Whether they decide to keep him or trade him, the Celtics are convinced that Rajon Rondo is back to normal, reports Jenny Dial Creech of The Houston Chronicle. Rondo, who had 4 points, 10 rebounds and 8 assists Saturday in a loss to the Rockets, played in just 30 games last season because of an ACL injury. “He kind of looks like what I’d seen on film before I got here,” said Celtics coach Brad Stevens. “I don’t think he ever looked like that at any time last year, because he was coming back. And that’s just the way it goes with that injury. But he is back to full speed.” Rondo is in the final season of a five-year, $55MM contract and will be an unrestricted free agent this summer. Here’s more from around the Eastern Conference:
- Tobias Harris faces a new challenge as he plays this season without certainty of his future status, writes Josh Robbins of the Orlando Sentinel. The Magic and Harris did not reach an extension agreement by the October 31st deadline. “It’s business,” Harris said. “It’s a little disappointing. But at the same time, I’ll just approach it the same way.”
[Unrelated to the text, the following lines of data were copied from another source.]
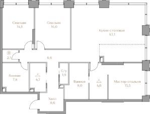 В клубном доме Гарден 1 проекта КОЛЛЕКЦИЯ ЛУЖНИКИ в Хамовниках продаётся коллекционная премиальная квартира с 3 спальнями площадью 133 м2 на 9 этаже.
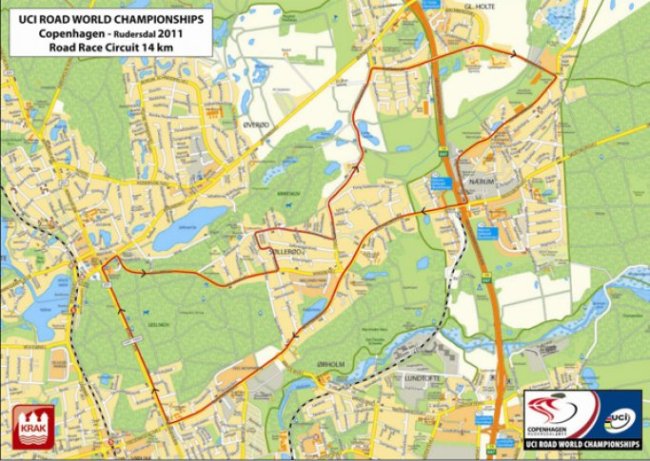 Hay que aclarar que si bien la sede oficial de los Mundiales 2011 es Copenhague, todas las pruebas en línea se realizan en un circuito por las calles de Rudersdal: un municipio de unos 50.000 habitantes situado 20 km al norte de la capital danesa. Es algo similar a lo que sucedía el año pasado en los Mundiales de Melbourne (Australia), con todas las competiciones terminando en la cercana localidad de Geelong.
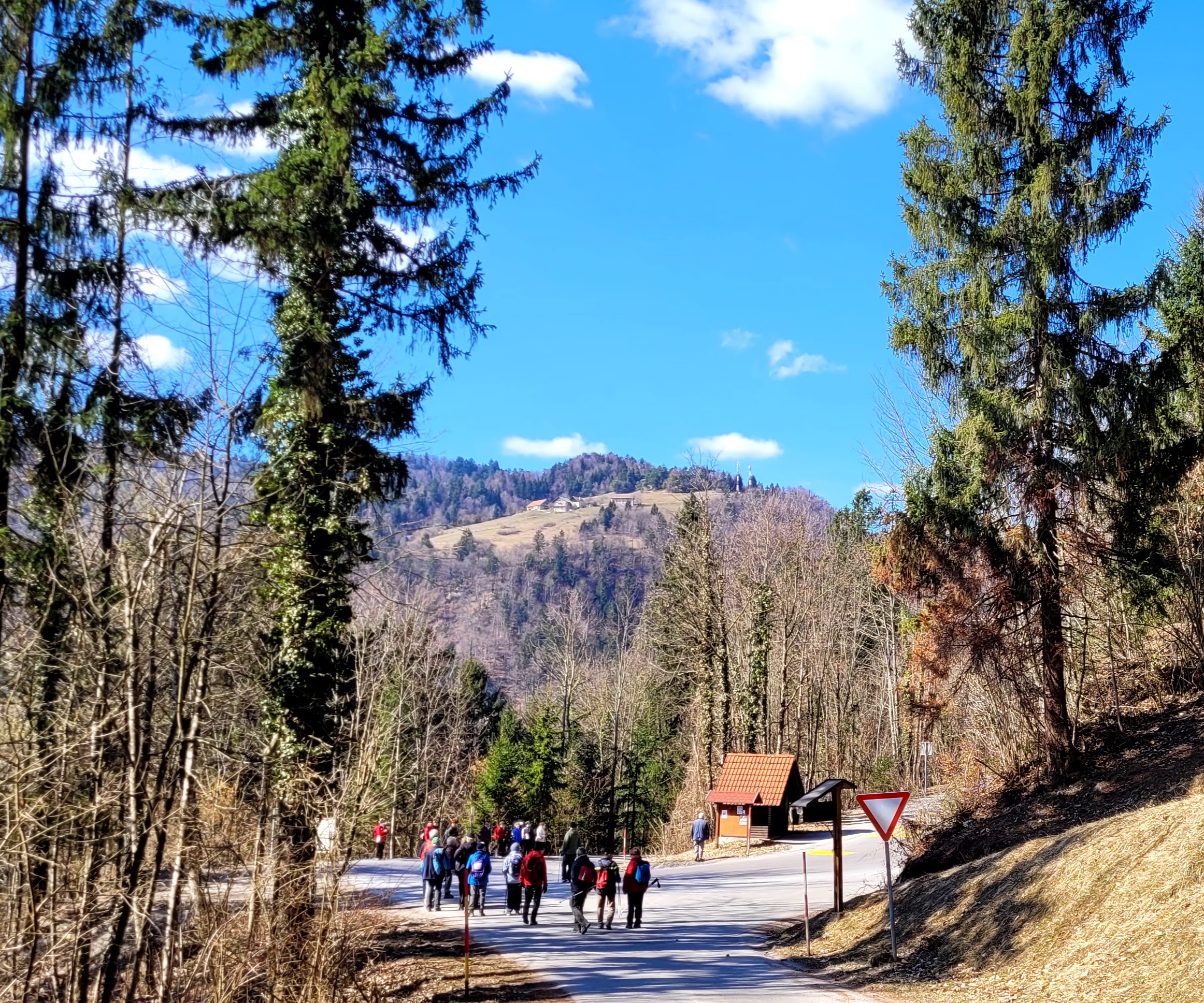 Skoraj bo pomlad in Zimzeleni smo se po polletnem prisilnem počitku ponovno podali na pohod. Z avtobusom smo se odpeljali skozi Ligojno proti Žažarju. Kaj kmalu smo izstopili in
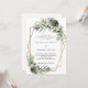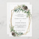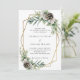 Pour un mariage d'hiver. Un arrière - plan blanc décoré de cônes, de baies blanches et de verdure. Un cadre géométrique en faux or. Personnalisez et ajoutez vos noms et détails.
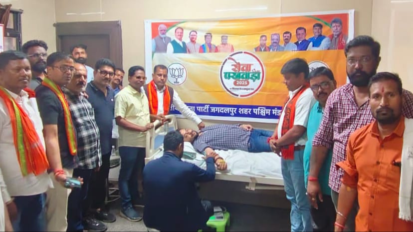 जगदलपुर।भारतीय जनता पार्टी द्वारा मनाये जा रहे सेवा पखवाड़ा कार्यक्रम के तहत आज शनिवार को भाजपा जगदलपुर पश्चिम मण्डल ने महारानी जिला अस्पताल में रक्तदान शिविर का आयोजन किया गया। जिसमें जगदलपुर पश्चिम मण्डल अध्यक्ष प्रकाश झा सहित 13 लोगों ने रक्तदान किया।
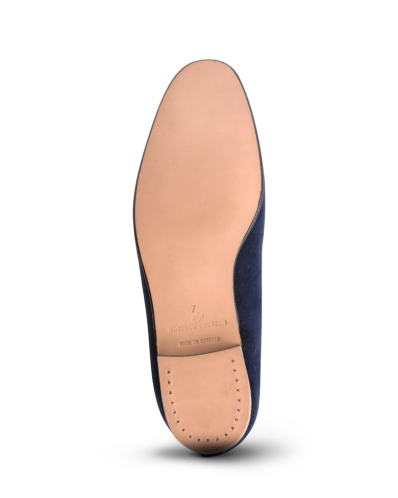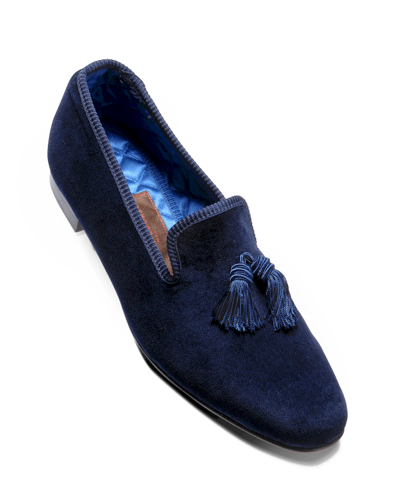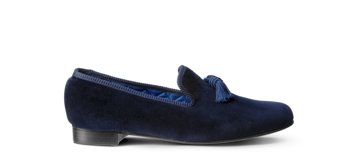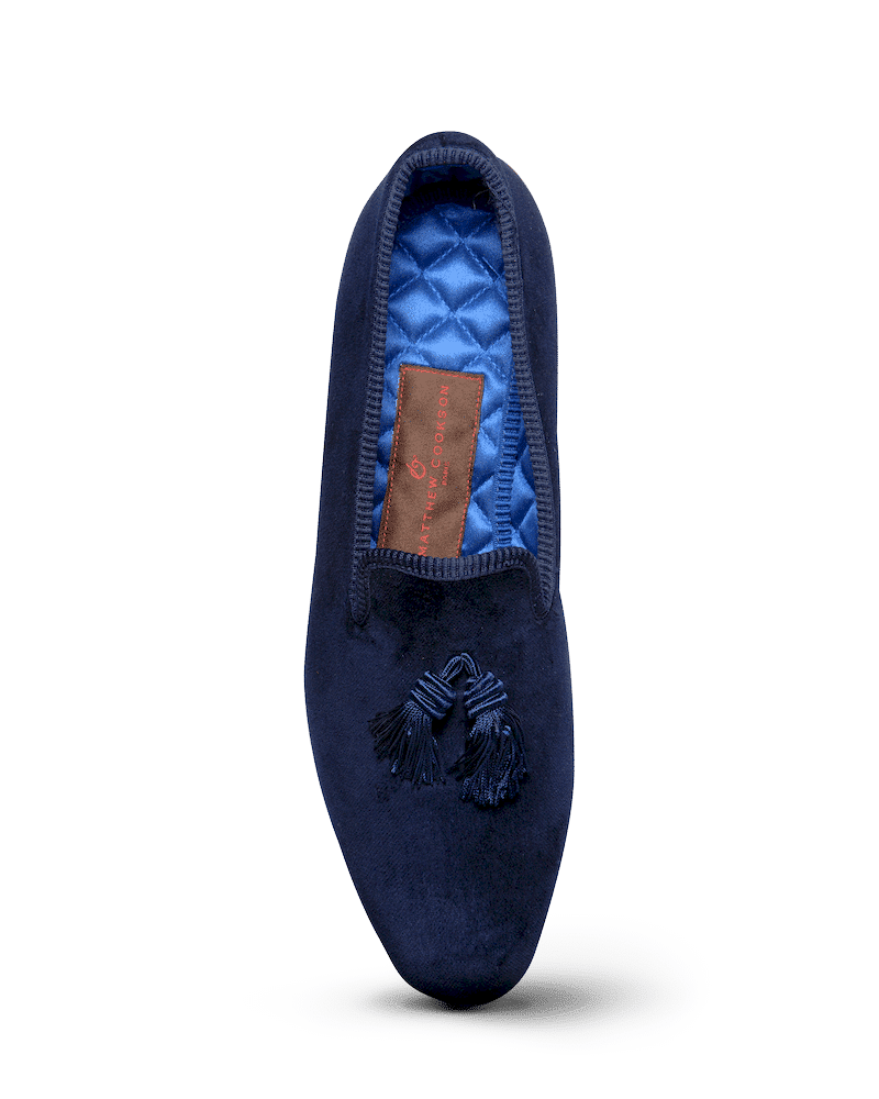Les slippers pompons bleu nuit Matthew Cookson sont faites en velours de coton, la doublure est en satin matelassé, le tout monté sur une fine semelle en cuir. Le summum de l’élégance et du confort.

- Shane Larkin understands the “business deal” that led the Knicks not to pick up his third-year option, but he told Ohm Youngmisuk of ESPNNewYork.com he wants to show the team he can be part of its future. “Obviously they want to build a championship team here,” Larkin said, “and they need as much money as they can next summer to be able to bring in the big free agents that they’re looking at.” Larkin will become an unrestricted free agent this summer and can re-sign with New York, but only for up to $1,675,320, the amount of the option that was declined, The Knicks, who also decided not to offer an extension to Iman Shumpert, are expected to chase maximum-salary players next summer when the hefty contracts of Amar’e Stoudemire and Andrea Bargnani expire.
- The Bulls‘ Jimmy Butler is headed toward restricted free agency, but he explained to Nick Friedell of ESPNChicago.com that doesn’t mean he’s headed out of Chicago. Friedell adds that Butler and his agent, Happy Walters, were asking for a deal similar to the $12MM a year that the Hornets gave to Kemba Walker last week. Bulls GM Gar Forman said the uncertainty looming over the salary cap with the league’s new TV deal affected the decision not to give Butler a long-term deal.
Arthur Hill contributed to this post.